The only person who ever asked that question was my MIL. I think it was a combination of her feeling side lined every time I fed my son at her house, as at the beginning I went upstairs and later I went to a quiet place downstairs. Also though she couldn't breast feed herself do I think she found it a bit odd.

In the end I breast fed for a year as my son pretty much self weaned.

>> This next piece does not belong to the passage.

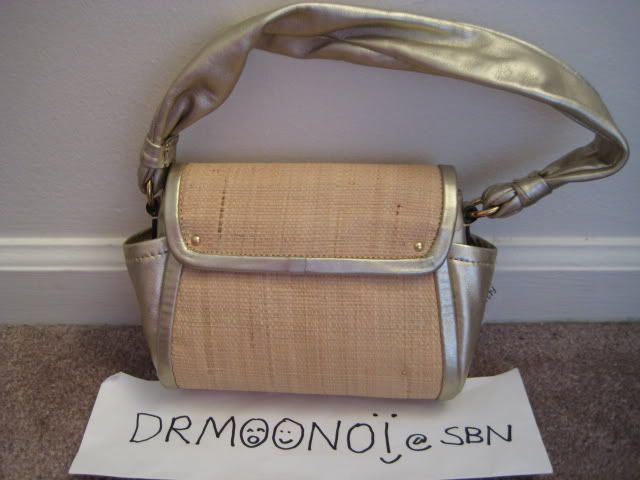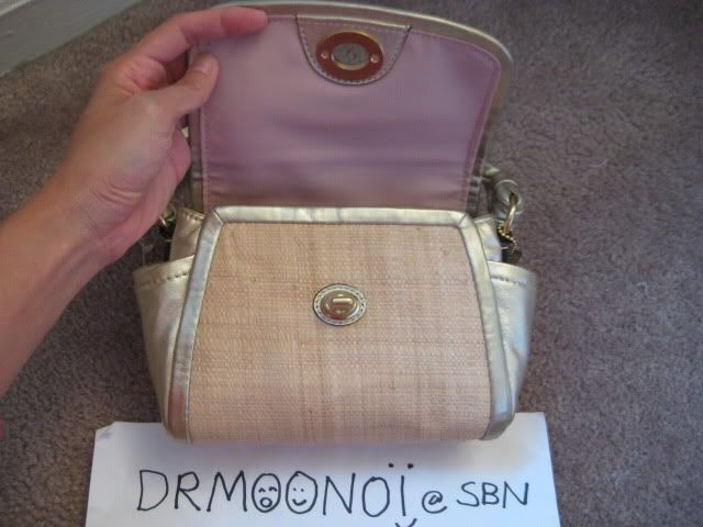46. กระเป๋าสะพายสานใบกะทัดรัด ตกแต่งขอบและหูหิ้วด้วยหนังนิ่มๆ สองโทนสี สีชมพูสดใส และสีออกโทนทองเมทัลลิค ใหญ่พอที่จะใส่กระเป๋าตังใบสั้นได้นะคะ ใช้สะพายไปตลาดไปแบงค์ได้หมดจ้ะ ที่ปิดเป็นปุ่ม turnlock ด้านข้างมีช่องจิ๋วด้วยจ้ะ ราคาเบาๆ ที่ 3500 บาท

ASunnyTiger · 10/01/2015 06:49

They're being completely ridiculous! I started getting comments and 'hints' when DD was getting closer to 1 (and she still nurses now at 2.6, though I am working at stopping it now and feeds are really reduced) but to st this about a baby not even old bc enough for solids yet? I wish people would butt out, it's none of their business.

Catsize · 10/01/2015 09:33

I am interested to know when and why people stopped feeding in public. I am getting lots of odd comments from family. Is this what drives people to go underground with their feeding? My DD is massive ten months.

Littlef00t · 10/01/2015 10:37

Catsize My dd is 10 mo and I have pretty much stopped feeding in public, but only because she only has 3 feeds, 7am, immediately post afternoon nap, and 7pm. As I usually make sure she naps in the cot as it's a better quality nap, I'm at home for all of them.

She eats solids really well, so I find it easier to give a snack rather than bf is she gets peckish, but will feed if convenient.

Booboostoo · 10/01/2015 10:44

My DM was constantly after me about stopping bf with DD. DD stopped at 3yo when my milk stopped during pregnancy and DM talk her to say "I am too old to bf" to make sure she would not start again when the baby arrived. I don't mind either way for DD, she wanted to stop and she stopped, but I am furious with DM for making an issue out of it.

Booboostoo · 10/01/2015 10:46

I stopped feeding in public when DD was 2yo. I have never had negative comments from strangers but when DD was 2yo I changed from don't offer, don't refuse to three bfs a day, in bed.

Brandysnapper · 10/01/2015 10:56

It doesn't matter whether your baby was 6 months, one, or three - your family need to butt out.

Notso · 10/01/2015 11:35

I do sometimes ask about breastfeeding. Not to be critical just out of interest.
I think I must have done something wrong because the longest I could feed for was 8 months. Once my DC had had food and started drinking from a cup they didn't seem satisfied by a breast feed, it made them naggy and frustrated.

Seff · 10/01/2015 12:07

With DD my mum started asking within 2 or 3 weeks. She finally stopped asking when DD turned 4!

I don't know if she thinks she is still feeding or not, and she has never mentioned it since having DS.